The exponent Δ² = (x−μ)^TΣ⁻¹(x−μ) is the Mahalanobis distance — a distance that accounts for the shape and orientation of the distribution. Contours of constant probability are ellipses defined by constant Mahalanobis distance.

Three crucial operations on Gaussians (all yield Gaussians):

Operation	Result
Conditioning: p(x_a\|x_b)	Gaussian with mean that depends linearly on x_b
Marginalizing: ∫ p(x_a, x_b) dx_b	Gaussian with mean μ_a and covariance Σ_aa
Multiplying: p(x_a\|x_b) · p(x_b)	Joint Gaussian over (x_a, x_b)

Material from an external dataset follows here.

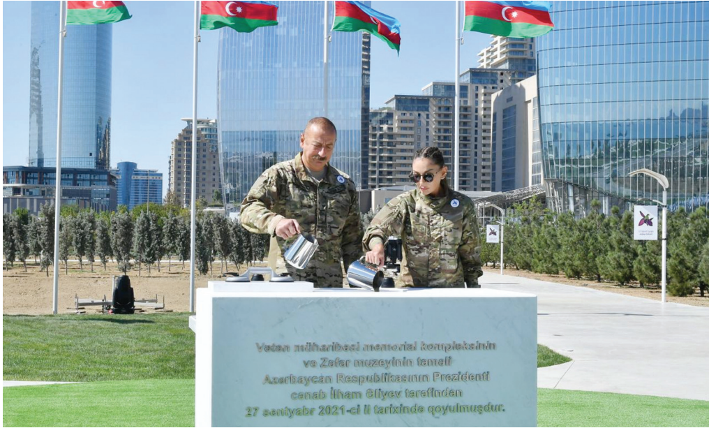
Vətən Müharibəsi Memorial Kompleksinin və Zəfər Muzeyinin təməlinin qoyulması mərasimi. 27 sentyabr 2021-ci il

Gaussians are closed under conditioning and marginalization. This is why they are so useful: every operation you need for Bayesian inference (conditioning on data, marginalizing over latent variables) keeps you in the Gaussian family. No approximations needed. This "closure" property is the engine behind Bayesian linear regression (Ch 3), Gaussian processes (Ch 6), and Kalman filters (Ch 13).

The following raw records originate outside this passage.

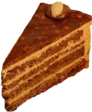
606785 TK Nusstorte 10 Stk.
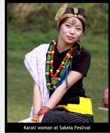
Karati woman at Sakela Festival
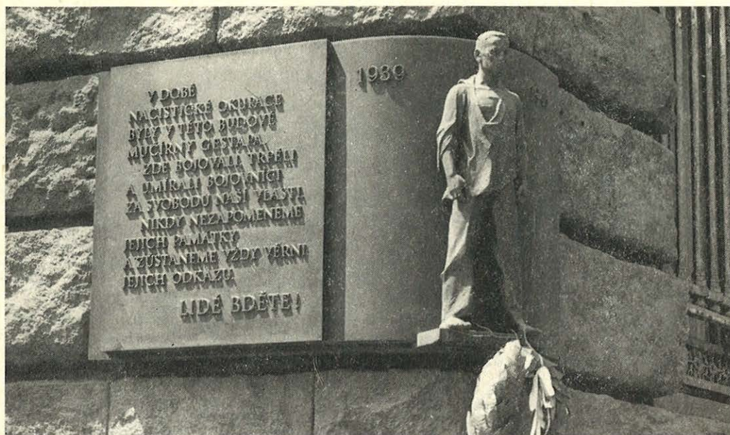
Pamětní deska na bývalém Petschkově paláci

ně zcela bez povšimnutí ani v literatuře 4 . Už v roce 1952 vyšla např. práce, která je vlastně průvodcem po památkách revolučních událostí v Praze. Tam jsou také připomenuta některá místa, která souvisí s událostmi za druhé světové války. Památky tohoto druhu pak připomínají i pozdější práce Jaroslava Soukupa a Františka Peřase. Všechny citované práce mají charakter průvodců, a to skoro výhradně po historických částech Prahy, nekladou si za úkol postihnout všechny památky tohoto druhu, a tím méně je hodnotit. Nicméně i formou průvodce a zběžné informace vzbuzující zájem lze vykonávat vliv ve prospěch památných objektů.

The precision matrix Λ = Σ⁻¹ is often more natural than the covariance. Zero entries in the precision matrix indicate conditional independence: Λ_ij = 0 means x_i and x_j are independent given all other variables. This connects to graphical models (Ch 8).

Check: What does the Mahalanobis distance measure?

Ordinary Euclidean distance Distance scaled by the covariance structure of the distribution The number of standard deviations from the mode

Chapter 5: MLE for the Gaussian

Given N data points drawn i.i.d. from a D-dimensional Gaussian, the ML estimates are:

μ_ML = (1/N) ∑_n=1^N x_n

Σ_ML = (1/N) ∑_n=1^N (x_n − μ_ML)(x_n − μ_ML)^T

The ML mean is unbiased: E[μ_ML] = μ. But the ML covariance is biased: E[Σ_ML] = (N−1)/N · Σ. It underestimates the true covariance because it measures spread around the fitted mean rather than the true mean.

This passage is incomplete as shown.